To keep the suburban expansion going indefinitely we will need to continue using one-quarter of the world’s oil every day. Since this resource is about to head over the all-time peak production arc, there will be incrementally a few percentages less total oil produced every year after the peak. We’ll probably have to occupy Venezuela, too, and Nigeria, to keep the suburban expansion going – not to mention the daily operation of it, with the sixty mile commutes and the estimated average seven car trips per day per household to chauffeur kids and run errands. As we maintain our oil consumption under these conditions, other nations will have to use proportionately less. How will the Europeans and the Chinese feel about that? Will there be discontent over it? And might it affect our relations with them?"

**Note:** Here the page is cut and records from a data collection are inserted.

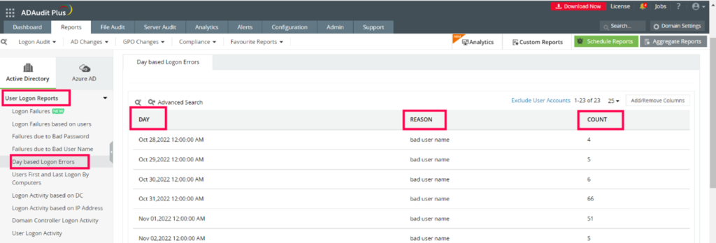 Kategorie User Logon Reports obsahuje 16 předkonfigurovaných reportů, které zobrazují podrobné detaily týkajících se přihlašování uživatelů, selhání přihlášení, uživatelů přihlášených k více počítačům a dalších. V našem článku si povíme detailněji o reportu Day based Logon Errors.
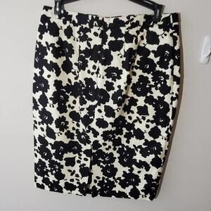 LOFT floral black and white Career pencil skirt size 6 New
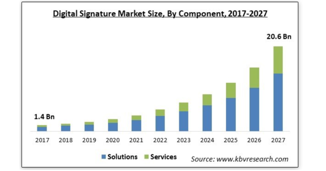 デジタル署名の市場規模、2027年には206億ドル2,000万米ドルに到達予測
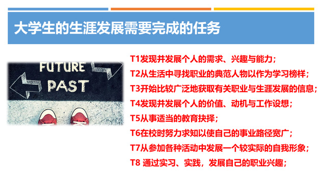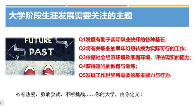 职业生涯规划,就是大学阶段运筹帷幄的策略,就是“基于个人认同的人生理想、目标、期望、追求;结合眼前的机遇、个人特质和制约因素,为自己确立生涯方向、目标,选择特定职业道路,确定个人教育发展计划;为实现生涯目标,持续执行、反馈调整;同时,能享受于这个过程实践。”
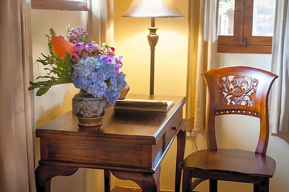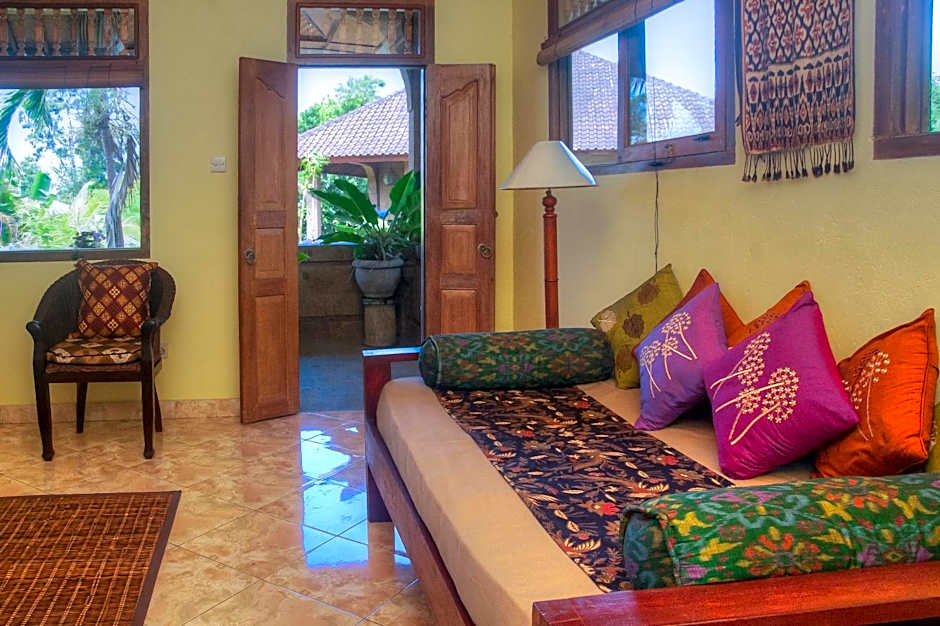 Located on the upper level, the air-conditioned room has a queen size bed and a single sofa bed. The room has a ceiling fan, a personal safe, and a mini-bar. En suite open air bathroom comes with a shower.

Why is this not being talked about? Read through the news sites and the blogosphere and you’ll see that the subject of oil is utterly absent from the discussion. Look for it. Go ahead. You won’t find it. We have created a society that is based on oil and yet we don’t talk about it? We don’t discuss the issue at all. It is ridiculous and dangerous. We may not be willing to negotiate our way of life but, as Kunstler suggests, we better “get ready for reality to arbitrate it for us."